No, if you check my comment history you will see that I said something along the lines of don't flatten the curve, kill it with longer, harsher lockdowns. Just search for my top downvoted posts. I still maintain that stance, two months of harsh worldwide lockdowns would have killed the spread completely and we would have been completely opened by the middle of last summer. Australia almost managed it alone, and a bit more of the world joining them could have.
The data is not clear on this. Places that did no lockdown like Sweden have been pretty well off, other places that did heavy lock downs like NYC have not fared as well.
Sweeden has much worse results than that peers. NYC didn't do lockdowns well - the state sending infected people to nursing homes is the opposite of lockdowns.
> I bet you also said “3 weeks to flatten the curve!”
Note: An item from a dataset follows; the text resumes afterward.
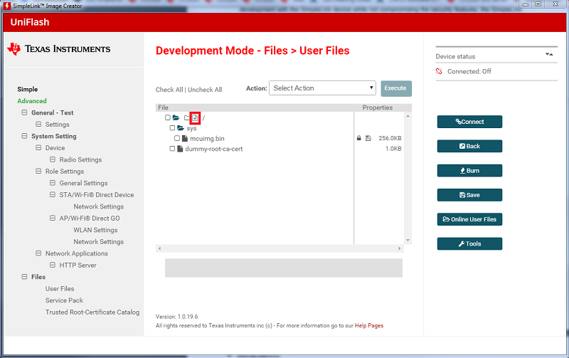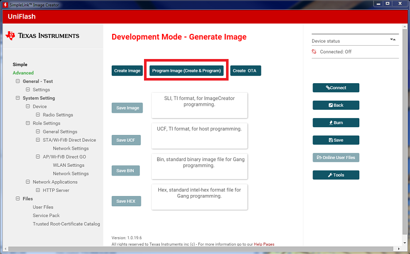 The Burn button on the right will take you to the Generate Image page where you can create and program an image to the device. Select Program Image to generate a project image containing all of your files and configuration settings and load it to the external serial flash for the CC3xxx.
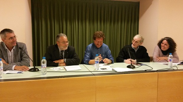 Pere Bonet, president de la Junta comarcal del Col·legi de Metges; Ricard Cots, reumatòleg ; Pere Culell , cirurgià de l’Hospital de Sant Joan de Déu, i Armand Rotllan, metge i membre de l’Arxiu Històric de Ciències de la Salut Simeó Selga, moderats per Sílvia Berengueras, redactora d' El Pou de la gallina .

The vaccines were working perfectly in that regard until we hit a wall of people unwilling to take them, which brought us in the US to where we are today when antivax lag hampered us from outrunning the delta variant.
Iceland[1], with >70% vaccination rates, is seeing much different outcomes even in spite of record infections.
You don't think vendors that sell products that can leave you maimed for the rest of your life, damage or eliminate entirely your earning potential, destroy your marital relations, and destroy future of your children should not be liable for injuries caused by their product?
Really? You are against holding people liable for faulty products?
There wouldn't be a single car being sold if it was the case.
The vaccine was approved by the FDA, they did their part making sure it was safe. 100% certainty is impossible, and people should not be held liable to that.
Here, they pulled off their product off not because it was shown to be unsafe but because it was unprofitable. Due to the controversy, it was a tough sell, and lawsuits are costly no matter if you are right or wrong.
It’s not OR but AND: as described in that article, the law firms didn’t come up with the lawsuit out of the blue but saw the hundreds of people who set up “victims” groups alleging all sorts of injuries caused by the vaccine.
It seems noteworthy that this was relatively early in the Internet reshaping society: these groups had websites but not massive companies like Facebook promoting them. This ability for people to self-organize and diagnose at a large scale is still having interesting ripple effects, both helping people with unusual conditions which are commonly misdiagnosed and helping build lawsuits or political movements from people who really aren’t interested in accepting the science.
Every time you get a tick you should remember that you could be safe from lyme, but the antivax movement took that away from us.